### [YOUR INSTRUCTIONS]
Your copy must hold all of the data below, unchanged and without images.

### [SUPPLIED INFORMATION]
= = =

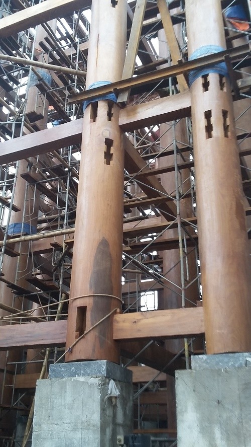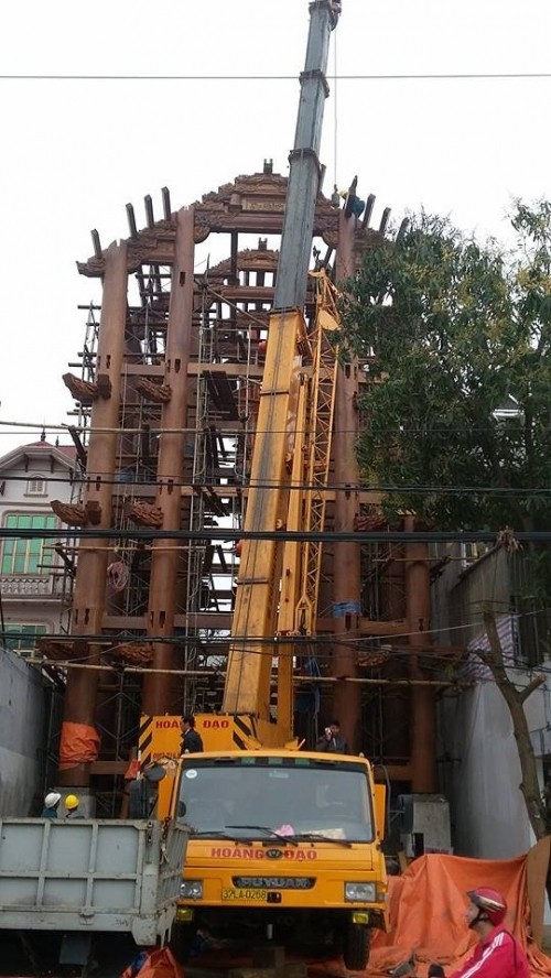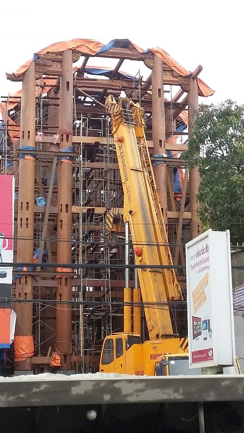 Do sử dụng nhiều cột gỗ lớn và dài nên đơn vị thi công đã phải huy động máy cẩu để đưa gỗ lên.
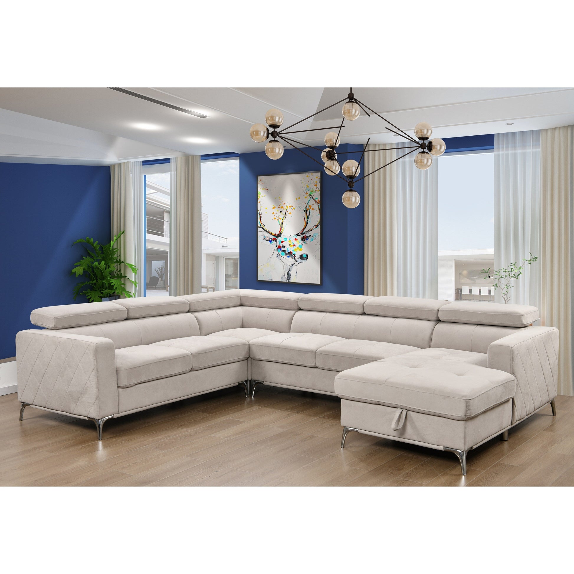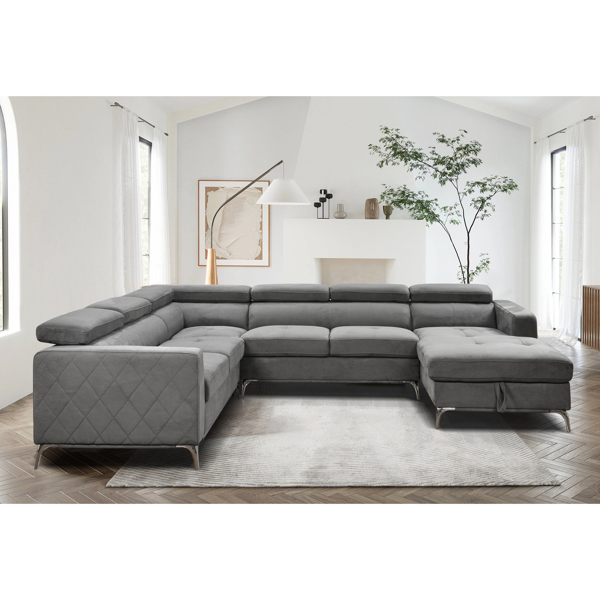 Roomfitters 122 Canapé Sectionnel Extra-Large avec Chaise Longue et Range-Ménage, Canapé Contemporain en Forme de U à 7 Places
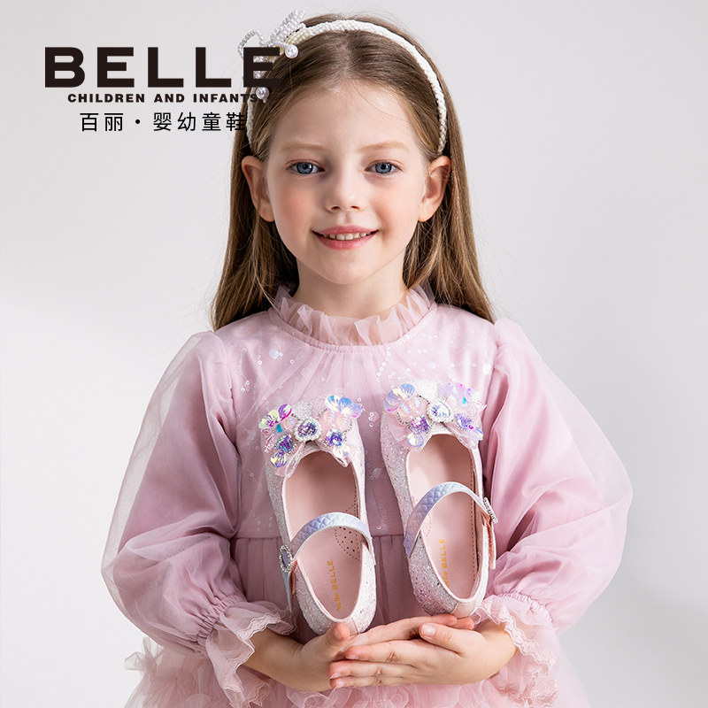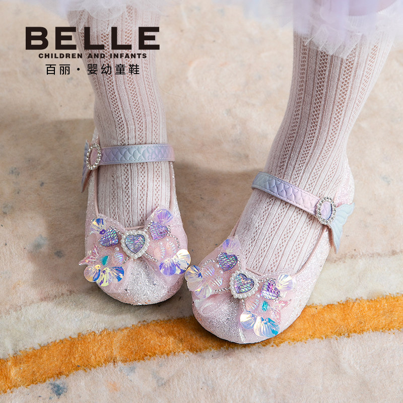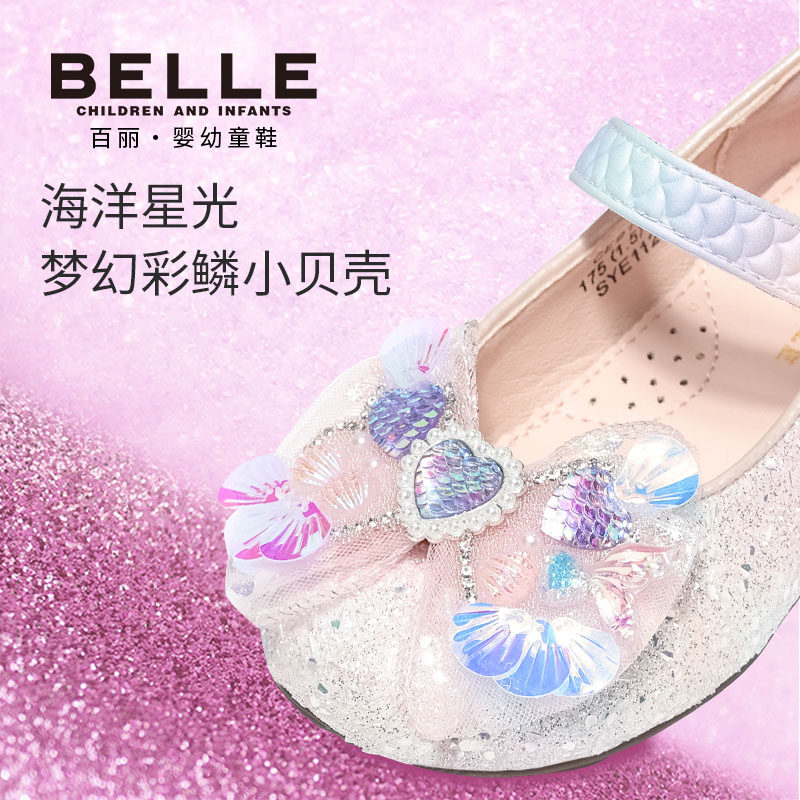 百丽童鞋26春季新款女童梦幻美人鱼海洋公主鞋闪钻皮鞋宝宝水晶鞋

= = =

### [PROBLEM SOLUTION]
 Do sử dụng nhiều cột gỗ lớn và dài nên đơn vị thi công đã phải huy động máy cẩu để đưa gỗ lên.
 Roomfitters 122 Canapé Sectionnel Extra-Large avec Chaise Longue et Range-Ménage, Canapé Contemporain en Forme de U à 7 Places
 百丽童鞋26春季新款女童梦幻美人鱼海洋公主鞋闪钻皮鞋宝宝水晶鞋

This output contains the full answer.